> Assigned task
Your reply should consist only of the lines from the one holding "5、甲方保证该房屋无产权纠纷" to the last line of the data below, written out exactly and without pictures.

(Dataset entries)
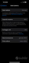Salve, vendo questo iPhone 15 Pro da 128 GB, in ottime condizioni. (Capacità batteria 89%)
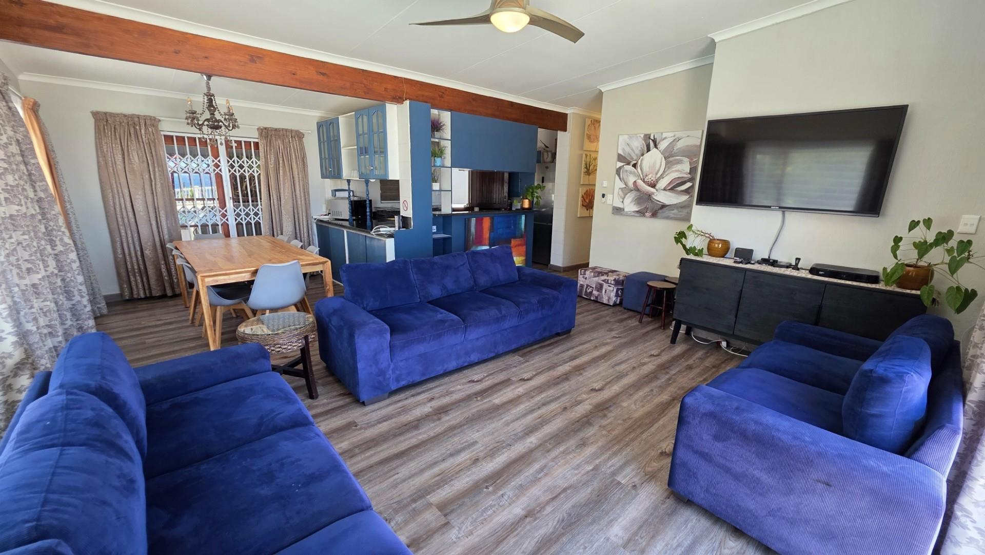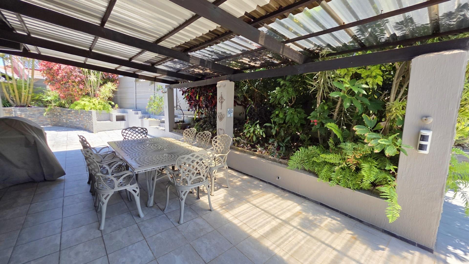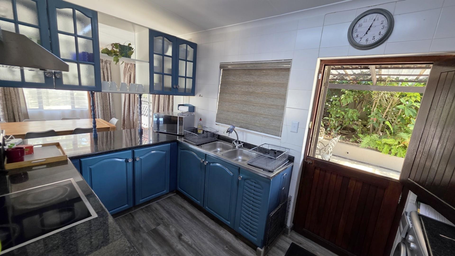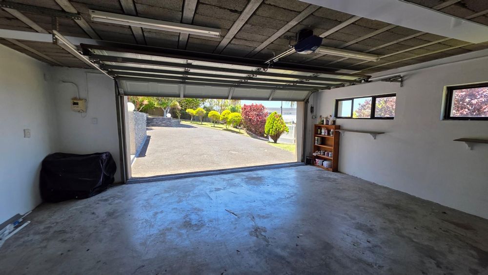 Designed with entertaining in mind, the property features multiple outdoor living spaces, both open-air and covered, all beautifully tiled. The front of the home offers an expansive patio extension which is a wonderful use of space, for entertaining, hosting of guests and showcasing 180 degree panoramic ocean views, while the back of the home offers and undercover patio and outdoor dining setup for the less sunny days. A custom-built Wendy House provides convenient garden storage, while two 5,000-litre plumbed water tanks ensure uninterrupted supply regardless of municipal outages. Security has been thoughtfully addressed with a comprehensive system that includes CCTV cameras, wireless beams, an alarm, and an electric gate. Parking is ample, with a double automated garage and additional open-air spaces available. The garden is a picture of careful maintenance, immaculately laid out, enhancing the property’s appeal and creating a tranquil setting. Currently, the home operates successfully as a short-term holiday rental, generating consistent income with confirmed bookings well into the peak season. For those seeking convenience, the option exists to purchase the property fully furnished at an additional cost.
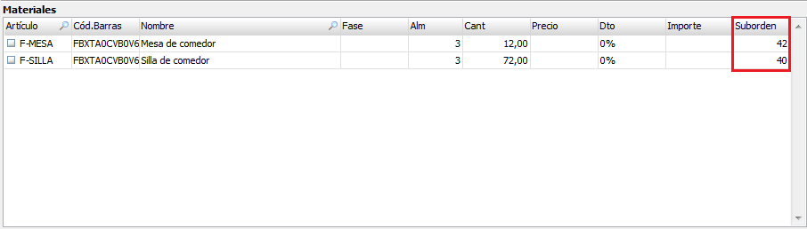 Si en vez de indicarnos que el origen es un documento de venta se nos informa de que el origen es otra orden de fabricación, lo que estaremos viento en pantalla será una suborden de fabricación.
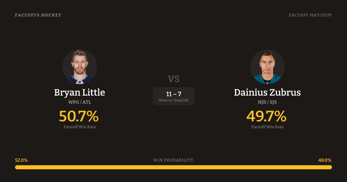 Bryan Little vs Dainius Zubrus — Faceoff Head-to-Head
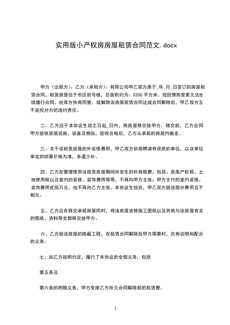 5、甲方保证该房屋无产权纠纷。如遇拆迁,乙方无条件搬出,已交租金甲方按未满天数退还。
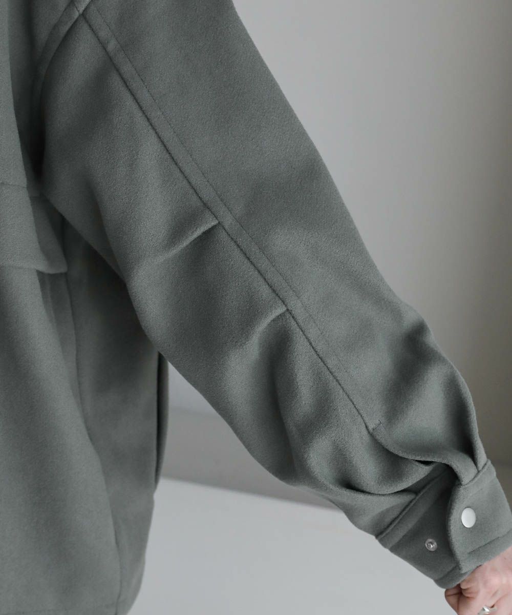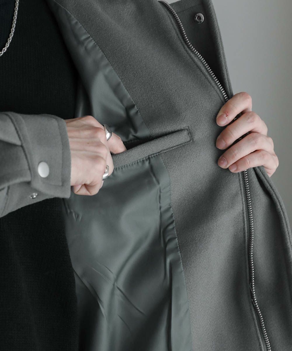 肘部分にタックを入れたデザインとバックは切り替えになっており、立体感のあるシルエット。またフロントはジップ仕様&スナップボタン付き。フロントを閉めるとボタンの見えないフラップ仕様なのですっきりと都会的な印象で着こなせます。
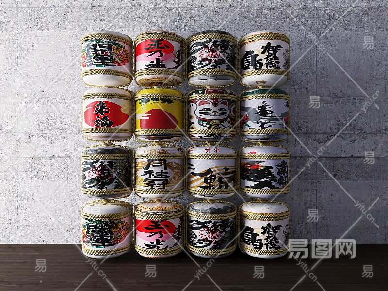 日式酒桶3D模型下载

> Problem solution
 5、甲方保证该房屋无产权纠纷。如遇拆迁,乙方无条件搬出,已交租金甲方按未满天数退还。
 肘部分にタックを入れたデザインとバックは切り替えになっており、立体感のあるシルエット。またフロントはジップ仕様&スナップボタン付き。フロントを閉めるとボタンの見えないフラップ仕様なのですっきりと都会的な印象で着こなせます。
 日式酒桶3D模型下载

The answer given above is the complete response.